Consider the following example (created using taped from the 2011 Ghost in the Shellcode CTF if you'd like to play along at home):

Step Preview
Go to address 0x8048e20 and switch to HLIL. Structure Workflow 1
Select variable var_18 and press s.
Since calloc is a known allocation routine and the allocation size can be determined to be 0x30, a new structure, struct_1 is created with size 0x30.
Structure Workflow 2
Select an offset, e.g., __offset(0x4).d and press s. A member will be automatically created. Structure Workflow 3
Alternatively, select the var_18 or the type name struct_1 and press s. All members in the struct_1 will be automatically created. Structure Workflow 4
Viewing the automatically created structure members. Structure Workflow 5

The s hotkey also works when working with structures in the linear view. Its behavior differs based on the current selection:

Selection Behavior
A single byte Create structure dialog
A range of bytes Create structure with selection size
A range of bytes covering existing data variables Create structure with selection size and add existing data vars as struct members

In linear view, if the selection is a single byte outside any function, it will pop up the create structure dialog. If the selection is a range of bytes, a structure of the selection size is created and the start of the selection. If the selection covers any existing data variables, these data variables will become members within the newly created structure.

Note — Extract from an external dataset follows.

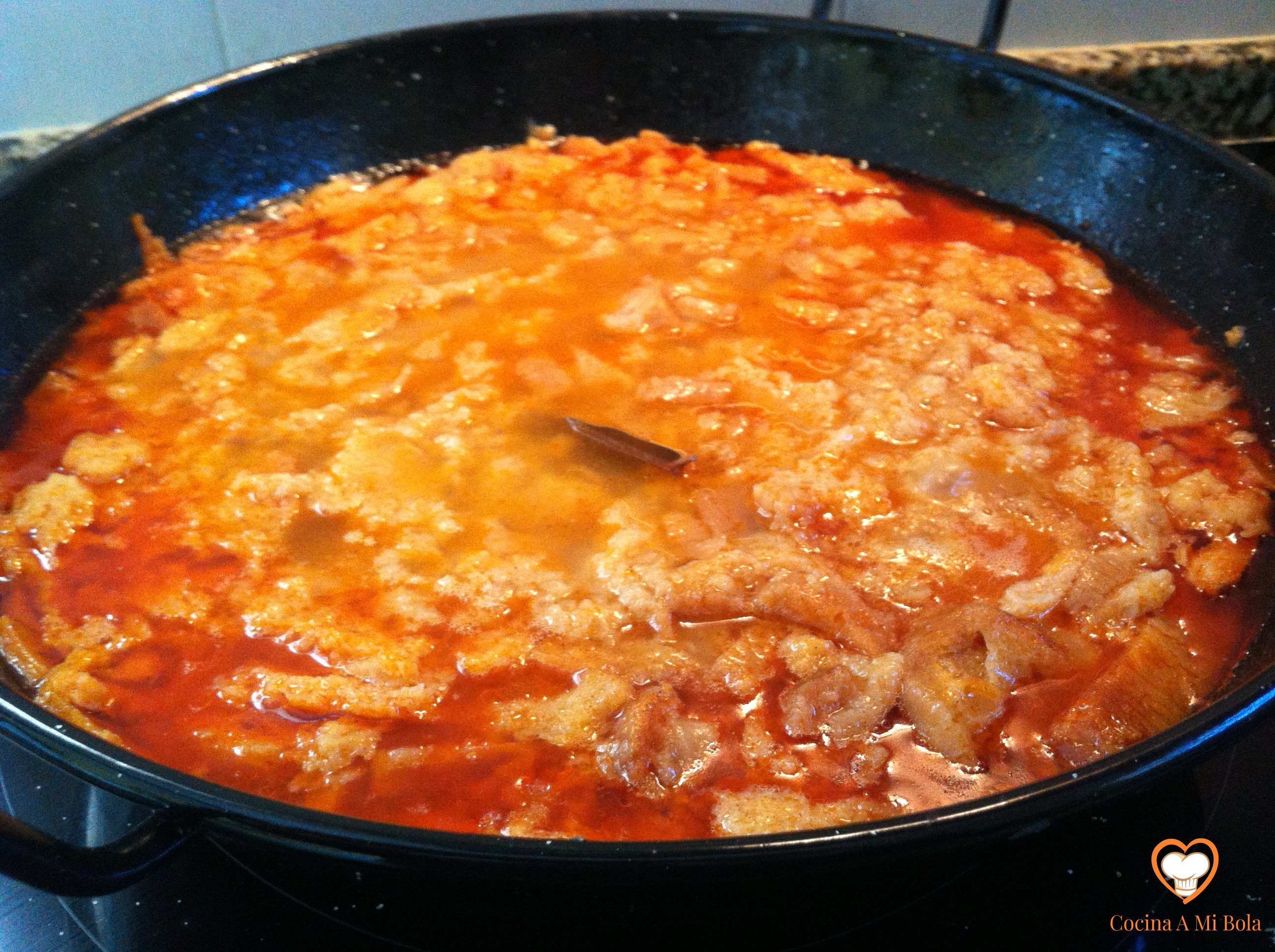 QUINTO.- Ponemos de nuevo la sartén al fuego, ahora más intenso, y agregaremos el caldo de pollo que cubra todo. Probaremos y salaremos al gusto sin olvidar que el jamón, si fuera el caso, intensificará el sabor considerablemente. Habrá de cocer bastante añadiendo agua o caldo si fuera preciso. No establecemos un tiempo concreto de cocción pues dependerá del gusto de cada uno pero teniendo en cuenta que cuanto más tiempo permanezca, mayor suavidad tomarán las sopas de pan.

This also works within data variables with structure type. For example, if the selection is a range of bytes within a structure, a new structure will be created within the existing structure.

Types View

To see all types in a Binary View, use the types view. It can be accessed from the menu View > Types. Alternatively, you can access it with the t hotkey from most other views, or using [CMD/CTRL] p to access the command-palette and typing "types". This is the most common interface for creating structures, unions and types using C-style syntax.

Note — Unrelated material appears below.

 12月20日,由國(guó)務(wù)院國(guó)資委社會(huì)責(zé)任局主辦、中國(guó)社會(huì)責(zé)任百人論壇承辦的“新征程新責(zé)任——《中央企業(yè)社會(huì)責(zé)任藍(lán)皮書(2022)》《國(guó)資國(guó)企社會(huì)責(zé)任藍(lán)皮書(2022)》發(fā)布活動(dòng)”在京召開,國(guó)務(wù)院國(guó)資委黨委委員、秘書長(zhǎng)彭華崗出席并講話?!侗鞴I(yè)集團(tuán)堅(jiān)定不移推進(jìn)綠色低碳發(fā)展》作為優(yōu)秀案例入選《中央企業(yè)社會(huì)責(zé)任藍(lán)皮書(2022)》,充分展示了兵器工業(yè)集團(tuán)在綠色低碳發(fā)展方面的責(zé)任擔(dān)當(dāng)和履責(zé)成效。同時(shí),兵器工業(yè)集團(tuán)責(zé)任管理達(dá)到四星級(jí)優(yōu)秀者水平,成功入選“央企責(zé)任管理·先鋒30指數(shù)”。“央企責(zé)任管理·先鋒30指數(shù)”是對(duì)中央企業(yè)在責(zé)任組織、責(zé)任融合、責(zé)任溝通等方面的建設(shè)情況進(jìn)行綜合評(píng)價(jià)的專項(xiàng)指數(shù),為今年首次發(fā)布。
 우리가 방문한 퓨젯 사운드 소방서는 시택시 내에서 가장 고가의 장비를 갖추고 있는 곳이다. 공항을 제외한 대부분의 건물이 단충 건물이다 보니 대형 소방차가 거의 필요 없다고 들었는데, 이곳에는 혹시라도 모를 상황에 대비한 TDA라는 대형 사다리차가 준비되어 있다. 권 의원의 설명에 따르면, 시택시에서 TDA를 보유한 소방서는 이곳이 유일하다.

For many built-in file formats you'll notice that common headers are already enumerated in the types view. These headers are applied when viewing the binary in linear view and will show the parsed binary data into that structure or type making them particularly useful for binary parsing even of non-executable file formats.

Types View

Shortcuts and Attributes

From within the Types view, you can use the following hotkeys to create new types, structures, or unions. Alternatively, you can use the right-click menu to access these options and more.

Types Right Click Menu >

  • s - Create new structure
  • i - Create new type
  • [SHIFT] s - Creating a new union
  • 1, 2, 4, 8: The number hotkeys will create a create an integer of the specified size. This additionally works on selections.
  • d: If you want to cycle through the different integer sizes, repeatedly pressing d has the same effect as pressing the numbers in order.
  • -: To quickly toggle integers between signed and unsigned integers, you can use the - hotkey.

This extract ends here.